The recurring theme of alliances with Western powers being temporary and transactional for the Kurds is a significant point. Their strategy is often described as utilitarian, taking whatever assistance is offered to advance their own aspirations for self-determination. The saying “no friends but the mountains” encapsulates this perspective.
The analogy of the Kurds being used and then discarded, like a “condom,” highlights a deep-seated mistrust stemming from past experiences. The complexity of the situation is acknowledged, with the potential for a massive civil war in a highly populated Muslim country being a significant deterrent.
It’s also pointed out that while the Kurds may share a hatred for the current Iranian regime, this doesn’t automatically translate into acceptance by the broader Iranian population, especially concerning territorial concessions. The prospect of a four-way civil war, while potentially destabilizing for the current regime, is not inherently seen as a universally better outcome, especially given Iran’s regional influence and the potential for other powers to exploit a collapse.
The argument is made that Israel might not be overly concerned with the potential for internal strife and mass casualties in Iran, suggesting that perhaps not proceeding with the plan involving the Kurds was a prudent decision, despite the immediate implications. The concern that these weapons could eventually be turned against their suppliers, as seen in past conflicts, is also a valid consideration.

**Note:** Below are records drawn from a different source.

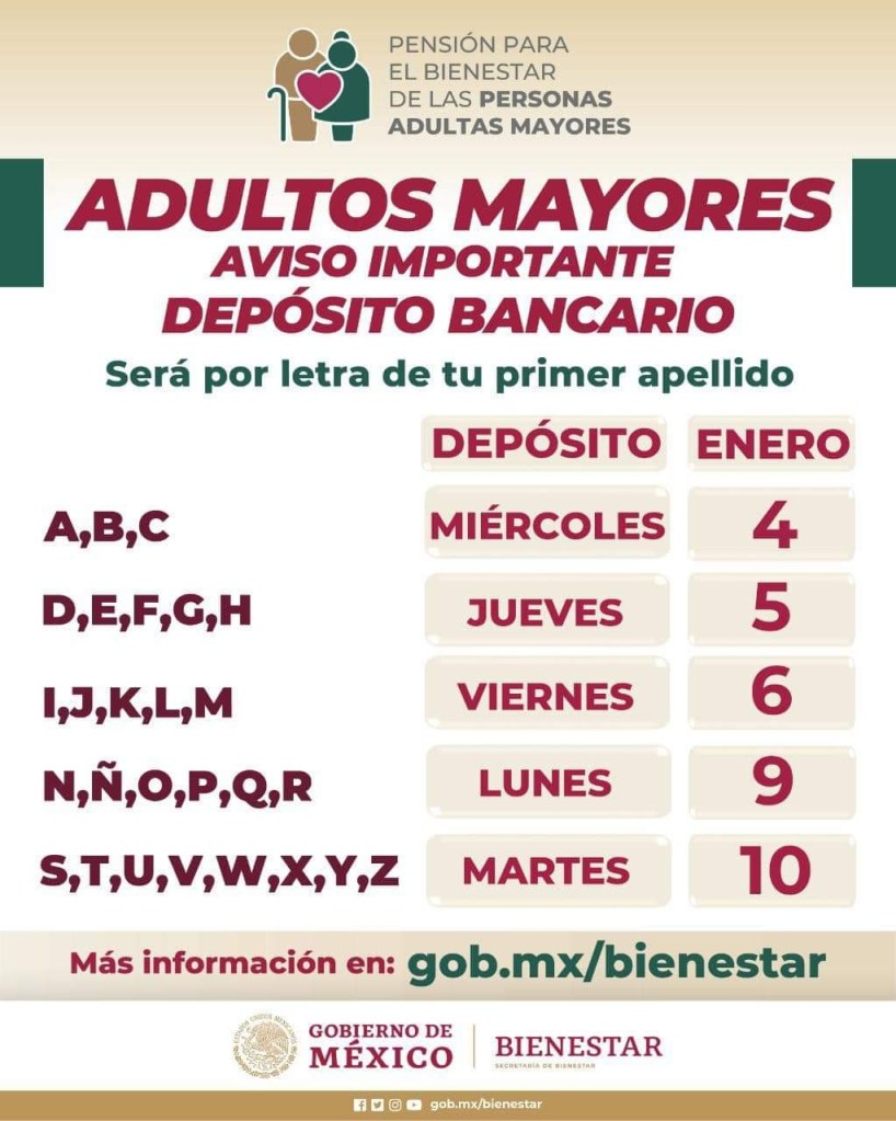 Informó que del 4 al 10 de enero se realizará la dispersión de pagos correspondiente al bimestre enero-febrero, ya con el incremento, y para mejor atención de los derechohabientes este depósito se realizará de acuerdo con la letra del primer apellido.
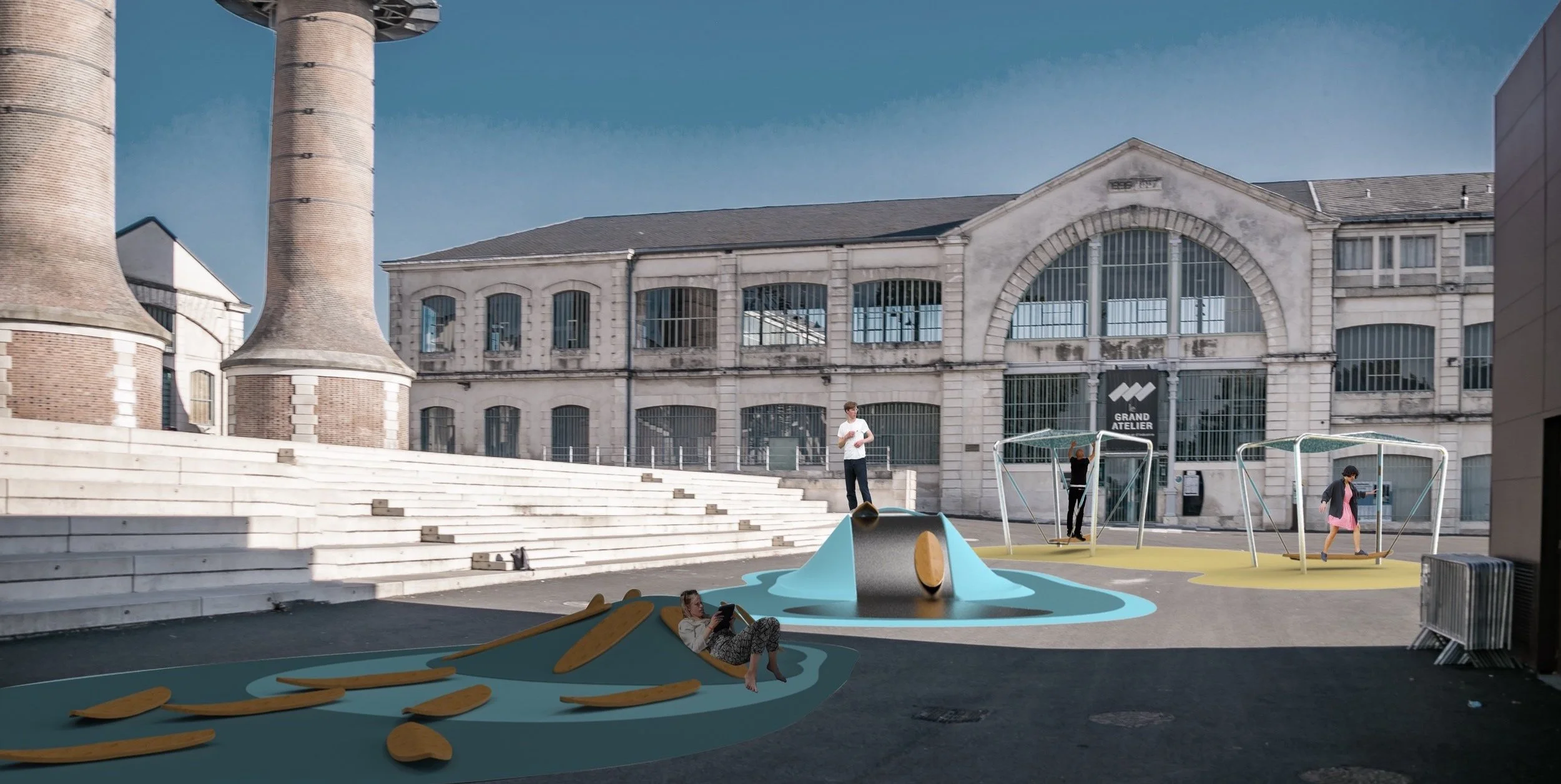 Bien sûr. Les visuels ci-dessous montrent quelques propositions faites pour les villes de Beauvais, Creil, l’Isle d’Abeau ou encore l’île de France : Nous avons fait le choix de nous concentrer sur trois disciplines ayant récemment intégré les JO et étant particulièrement représentatives de cette hybridation discipline sportive / culture urbaine que nous avons évoquée : le skateboard, le surf et le breakdance. Car elles répondent chacune à une ou plusieurs directions de notre vision originale du design actif : traiter les peurs par l’amusement, offrir l’évasion et honorer la culture urbaine. Ce sont les émotions, les sensations procurées par ces sports et les imaginaires qui gravitent autour qui nous intéressent pour inspirer et développer nos équipements.
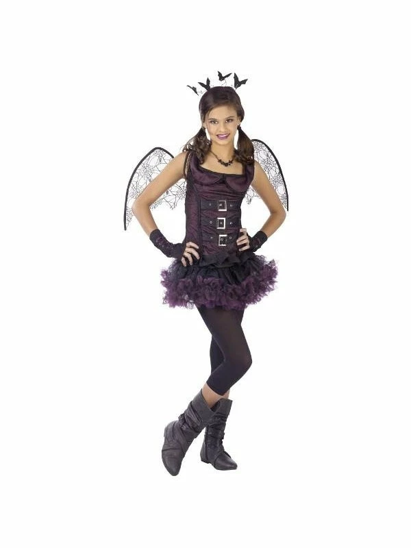 This teen size Night Wing Bat costume features a black and purple dress with a ruffle tutu skirt, glovelettes, character wings, and a matching headband with bats.

The potential for Iran to retaliate by attacking vulnerable Gulf states, thus crippling global oil supplies and triggering a recession, is a serious concern that would weigh heavily against any escalation. President Trump’s current objective, in this view, is not to escalate but to find a way out of the situation that preserves his image and avoids unfavorable concessions. The idea that Turkey could have pressured Trump to halt the plan is considered more plausible than some other explanations, especially given Turkey’s deep-seated opposition to an independent Kurdistan.
The notion that Turkey “stomped out” Kurdish self-rule in Syria is supported, with claims that their autonomy has diminished, their forces have been integrated into the Syrian army, and they no longer control oil fields. The narrative suggests that the US essentially told them to surrender, allowing Syrian government forces to advance.

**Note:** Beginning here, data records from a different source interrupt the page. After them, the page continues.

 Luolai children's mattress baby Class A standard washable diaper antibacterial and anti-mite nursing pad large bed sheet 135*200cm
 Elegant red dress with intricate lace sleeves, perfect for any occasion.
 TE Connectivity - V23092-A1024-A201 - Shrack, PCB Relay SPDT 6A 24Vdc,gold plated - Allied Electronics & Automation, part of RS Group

While Kurds in Syria may have more civil rights now than under the Assad regime, it’s argued that Trump has repeatedly undermined their position. This leads to a sentiment that they owe the US nothing but contempt, and any future engagement would be met with skepticism. The “fucking over the Kurds” is framed as a long-standing American policy, citing past actions in the context of the Iraq War and the non-existence of WMDs, despite Saddam Hussein’s documented use of chemical weapons against the Kurds.
The idea of a win-win situation where only one side benefits while the other is abandoned is questioned. The absence of a clearly defined Kurdish homeland, even after attempts to establish one, and their reliance on existing national currencies are presented as evidence that they are often seen as “useful tools and dreamers.” The economic realities of Kurdish regions in Iran, lacking independent economies or oil resources, are also highlighted as a factor.
While the current situation might be dire under the IRGC and their proxies, who openly express animosity towards the US, the concern remains that empowering certain groups could have unintended consequences. The contrast is drawn between secular aspirations and the potential for behaviors of leaders like Trump to push groups towards radicalization, especially when he is seen as aligning with Islamist figures.